Asima asks closing Mrs.Malik's eyes with his hands.
"Asim, how childish! Grow up a little dear."
Asim comes in front of her and hugged her tightly.
"Mrs.Malik i made it! I made it! Coke studio wants me to perform live. I'm so happy i can't even tell. I'm just so happy!"
Mrs.Malik takes asim's face in her hands and said;
"See i knew it from the start! Didn't I tell you trust God? So now can i have a selfie with the future rockstar? And an autograph as well I'll frame it on my living room's wall."
"Oh come on Mrs.Malik you are exaggerating everything!I just got an offer, i haven't written a song yet or who knows whether I'll be successful or not!
She smiled on him underestimating his capabilities again.
"I'll go and bring you your favourite coffee. No sugar and a whip of cream on strong Americano just the way you like it. You just don't drink coffee for all nighters and for releasing stress but also in happy moments. It's bitter taste keep you close to reality. And yes it's on me, my treat!"
Asim nods and opens his laptop. He look outside the window to come up with something and....
"Mrs.Malik can i have one Americano please, the regular one!"
Hania's eyes meet asim's eyes and they both smiled.
Mrs.Malik notices the exchange of smiles and approaches hania.

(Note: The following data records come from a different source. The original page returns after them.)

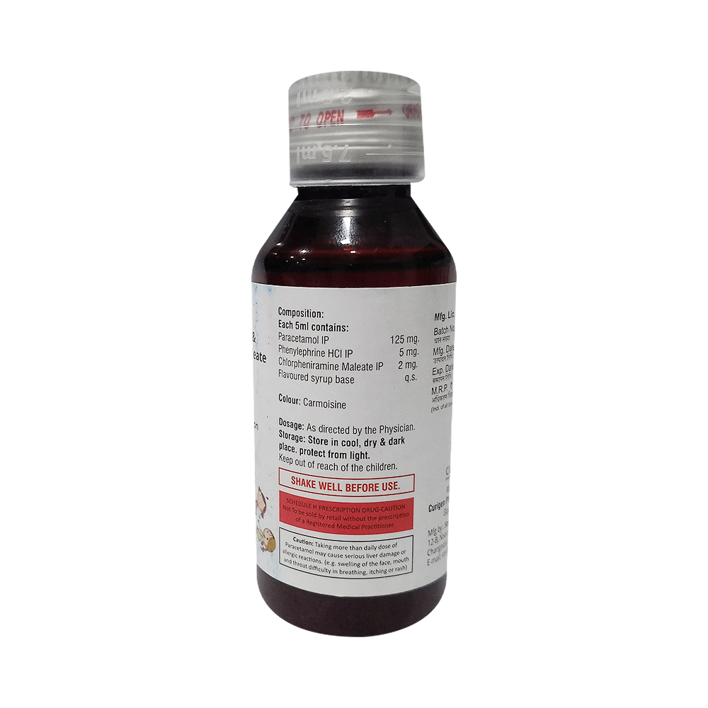 Salt Composition: Chlorpheniramine Maleate (2mg/5ml) + Paracetamol (125mg/5ml) + Phenylephrine (5mg/5ml)
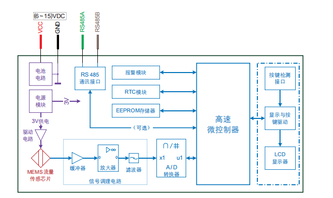 該流量計(jì)同時(shí)實(shí)現(xiàn)熱源的產(chǎn)生與溫度的測量。當(dāng)芯片處于工作狀態(tài)時(shí),在傳感器的周邊形成穩(wěn)定的溫度場分布。一旦一定質(zhì)量的氣體流過傳感器時(shí),氣體的流動(dòng)將破壞該溫度場的分布,形成特定的、取決于該氣體的質(zhì)量和速度的溫度場分布。微機(jī)電系統(tǒng)流量計(jì)芯片上的傳感器將測量這一變化并把這一變化轉(zhuǎn)換為電信號,由一個(gè)專門的電路變送器對此信號進(jìn)行放大、調(diào)理并作線性化處理。由于不同質(zhì)量的氣體對傳感器的周邊形成穩(wěn)定的溫度場分布所產(chǎn)生的擾動(dòng)不同,因而能測量氣體的質(zhì)量流量或總流量。下圖為該系列流量計(jì)的原理框圖。
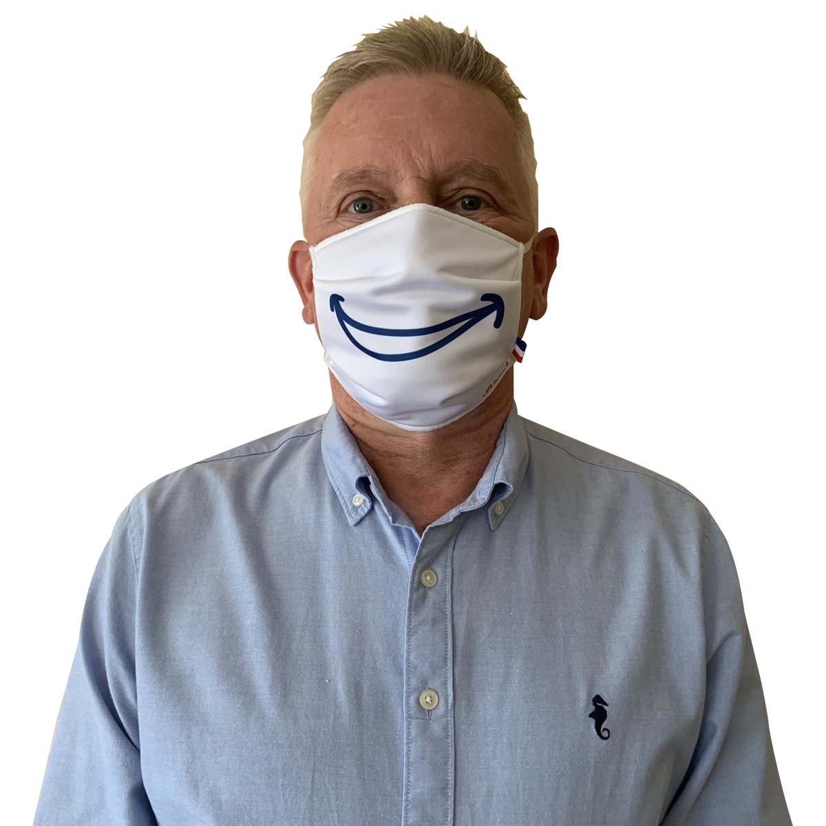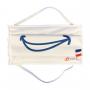 Masque Sourire de conception et fabrication 100% française. Filtration garantie 50 lavages. Attache élastique derrière la tête.

"Hania my dear! Long time no see, where were you?
All good?"
"Let's sit there with asim."
They both sits opposite to asim.
"Asim she's hania one of my closest regular costumer just like you and hania he's the one i mentioned last time the amazing singer!"
Hania smiles remembering;
Last meeting with Mrs.Malik;
Mrs.Malik speaks hugging hania;
"Everything is going to be fine my dear, with pain comes ease. He(God) tests his closest with such wordly exams. Don't lose hope. Be faithful, to then he'll guide you the path of inner peace and satisfaction. You are not the only one going through this so never ask why me. You are unaware how others in this world are surviving. You know what there's another customer of mine ummm 2 or 3 years older than you. He's done with his graduation but music keeps him stressed all the time. He have no inspiration these days and you know how Industry works. You have to keep releasing new songs to become famous. He's talented but scared to try anything new. Because at this stage of life just like you he can't afford any risk either."